(Problem to solve)
From the first line to the last, please reproduce the material exactly, skipping the pictures.

(Data shown)

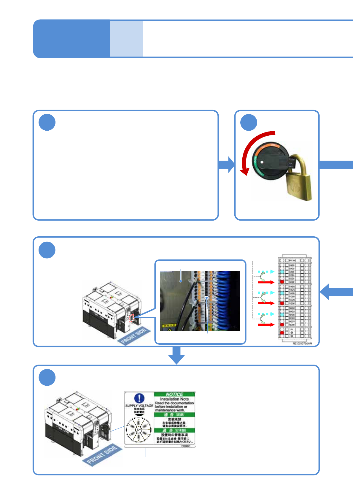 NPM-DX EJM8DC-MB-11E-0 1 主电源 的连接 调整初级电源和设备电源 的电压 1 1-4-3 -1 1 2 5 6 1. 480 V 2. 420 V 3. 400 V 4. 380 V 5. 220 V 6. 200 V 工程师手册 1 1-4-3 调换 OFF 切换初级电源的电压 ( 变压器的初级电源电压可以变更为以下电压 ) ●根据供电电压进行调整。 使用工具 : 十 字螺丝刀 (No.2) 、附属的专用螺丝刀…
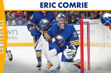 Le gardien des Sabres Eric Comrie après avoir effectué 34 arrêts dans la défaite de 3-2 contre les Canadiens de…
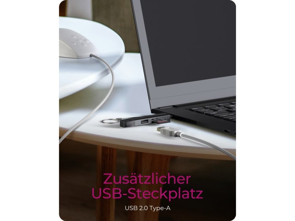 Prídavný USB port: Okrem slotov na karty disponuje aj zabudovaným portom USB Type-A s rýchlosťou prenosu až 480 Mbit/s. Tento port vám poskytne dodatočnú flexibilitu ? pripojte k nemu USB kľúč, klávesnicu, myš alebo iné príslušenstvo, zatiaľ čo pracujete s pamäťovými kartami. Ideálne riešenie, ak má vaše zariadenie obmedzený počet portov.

(Task output)
 NPM-DX EJM8DC-MB-11E-0 1 主电源 的连接 调整初级电源和设备电源 的电压 1 1-4-3 -1 1 2 5 6 1. 480 V 2. 420 V 3. 400 V 4. 380 V 5. 220 V 6. 200 V 工程师手册 1 1-4-3 调换 OFF 切换初级电源的电压 ( 变压器的初级电源电压可以变更为以下电压 ) ●根据供电电压进行调整。 使用工具 : 十 字螺丝刀 (No.2) 、附属的专用螺丝刀…
 Le gardien des Sabres Eric Comrie après avoir effectué 34 arrêts dans la défaite de 3-2 contre les Canadiens de…
 Prídavný USB port: Okrem slotov na karty disponuje aj zabudovaným portom USB Type-A s rýchlosťou prenosu až 480 Mbit/s. Tento port vám poskytne dodatočnú flexibilitu ? pripojte k nemu USB kľúč, klávesnicu, myš alebo iné príslušenstvo, zatiaľ čo pracujete s pamäťovými kartami. Ideálne riešenie, ak má vaše zariadenie obmedzený počet portov.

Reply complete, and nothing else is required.